GEP-0038: Autoscaling PersistentVolumeClaims

  • 📌 GEP Tracking Issue: https://github.com/gardener/enhancements/issues/38
  • 📖 GEP Link: https://github.com/gardener/enhancements/tree/main/geps/0038-autoscaling-persistentvolumeclaims
  • ✍🏻 Author(s): @plkokanov (Plamen Kokanov), @Kostov6 (Viktor Kostov)
  • 🗓️ Presentation: 2026-02-03, 15:00 - 16:00 CET and 2026-02-04, 10:00 - 11:00 CET
  • 🎥 Recording: https://youtu.be/JJmFiZvuMBY
  • 👨‍⚖️ Decisions & Agreements:
    • Seed settings scope
      • Provider-specific settings (e.g., max capacity, cooldown duration) will be moved out of seed settings.
      • These will be implemented via provider extension webhooks to reduce API surface and ops overhead.
      • Rationale: provider-specific logic should not live in generic Gardener APIs.
      • Along this way, .spec.volume.minimumSize will be deprecated and moved into a webhook as well.
    • Scale-up failure handling
      • Behavior depends on the CSI driver.
      • Kubernetes ≥1.34 supports rollback of failed resize operations which can be used.
      • Evicting pods after a failed resize was considered, though this would require a strategy field in the PVCA API and exposure via seed settings.
      • Decision: No explicit Evict strategy; rely on kubelet conditions.
    • Metrics source
      • HPA/VPA use the Kubernetes metrics API.
      • There is no active upstream work to expose PVC disk metrics via metrics-server; PVC metrics are still alpha.
      • PVCA metric queries must be configurable to support multiple Kubernetes versions (already foreseen).
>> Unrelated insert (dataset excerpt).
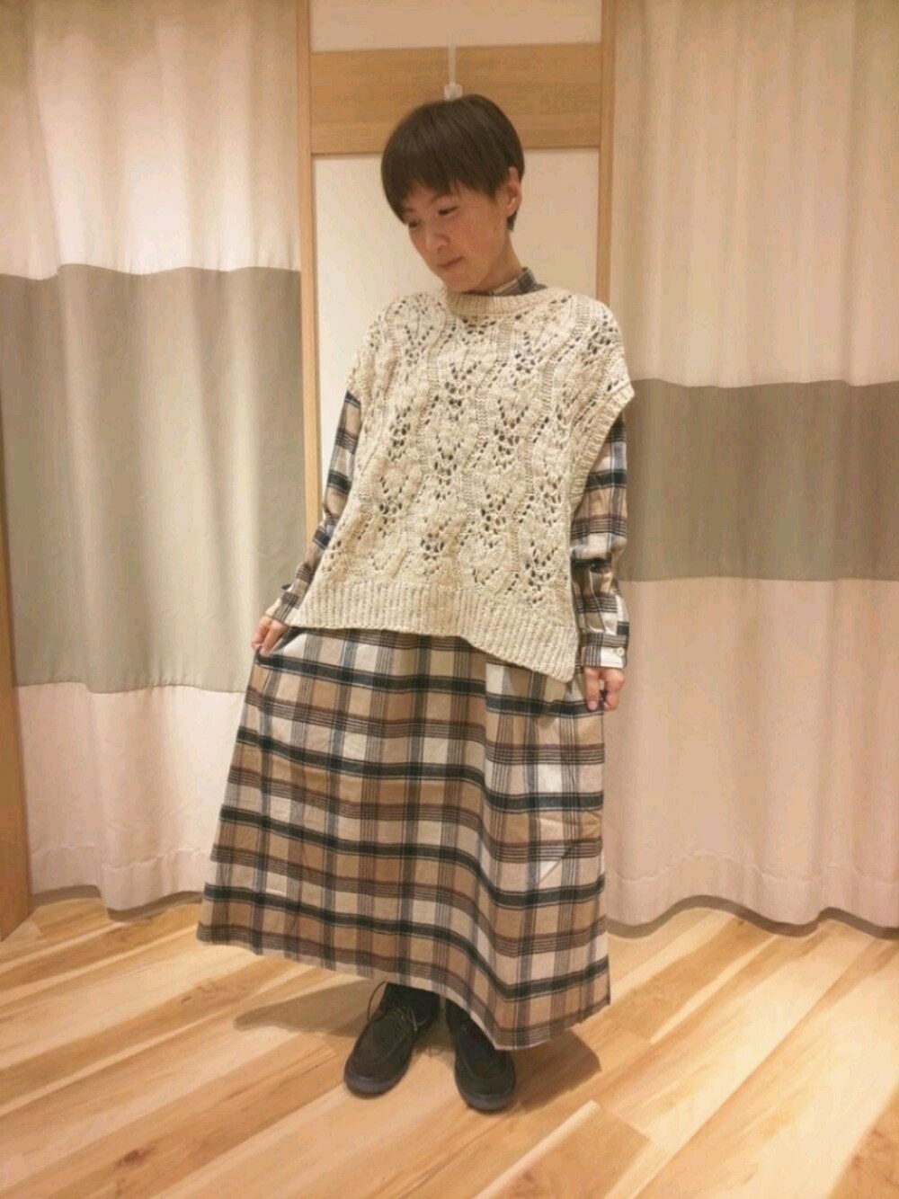むっちゃんのベスト「柄編みニットベスト」を使ったコーディネート
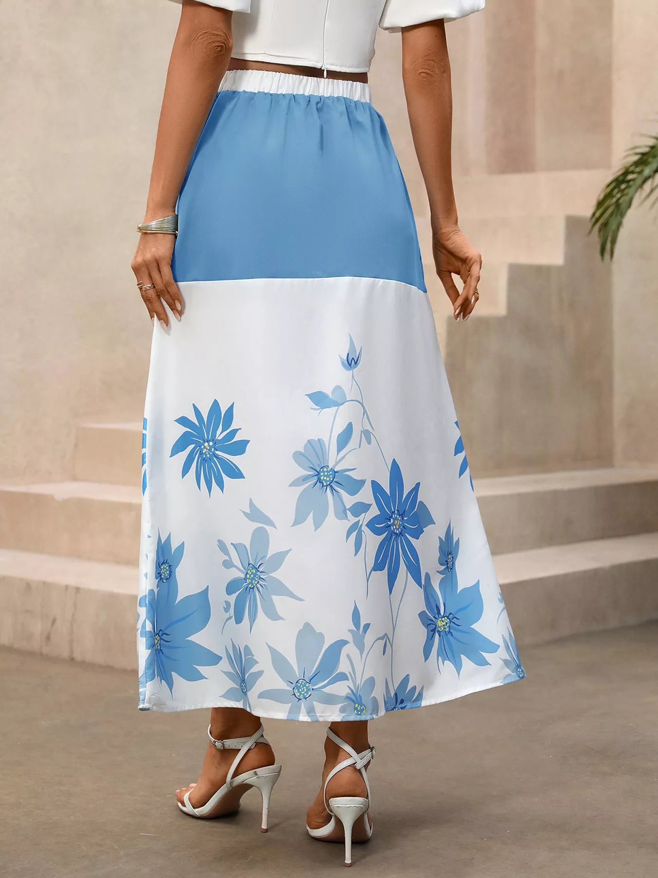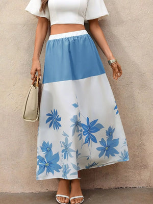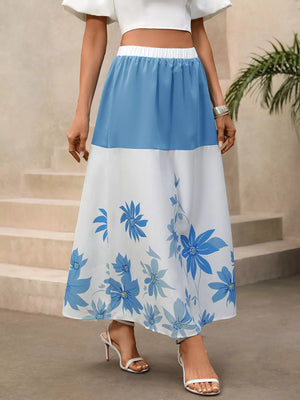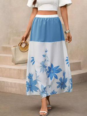 Floral Print Color Block Skirt

    • Shoot cluster support
      • Supporting shoots is a long-term goal (not in scope for now), but currently blocked by missing metrics (no Prometheus for shoot PVCs).
      • Outlook:
        • Open an upstream Kubernetes proposal to add PVC metrics to the metrics-server.
        • This is a prerequisite for shoot support and removes the Prometheus dependency.
  • 👨‍⚖️ Documentation Requirements
    • Non-goals
      • PVC downscaling.
      • Shoot cluster support (for now).
    • Downscaling
      • Clearly document why downscaling is not supported.
    • Testing
      • Metrics-related tests should live in gardener/gardener, not in gardener/pvc-autoscaler.
    • ETCD volumes
      • ETCD volumes are out of scope.
      • Reason: ETCD teams plan to orchestrate this via druid.
    • API field explanations
      • Clarify fields such as stabilization duration window and others.
    • Admission considerations
      • Admission webhook for mutating PVCs on creation is not required today.
      • Existing controllers handle concurrent PVC spec updates correctly.
      • An admission component may be needed if downscaling is introduced in the future.
    • Runtime / operator context
      • Clarify runtime cluster and gardener-operator involvement.
    • IOPS
      • IOPS are out of scope for the initial API to avoid bloating it.
      • Future support could be via an additional metric source, likely on the StorageClass.
      • Current workaround: increase minCapacity to trade storage for performance.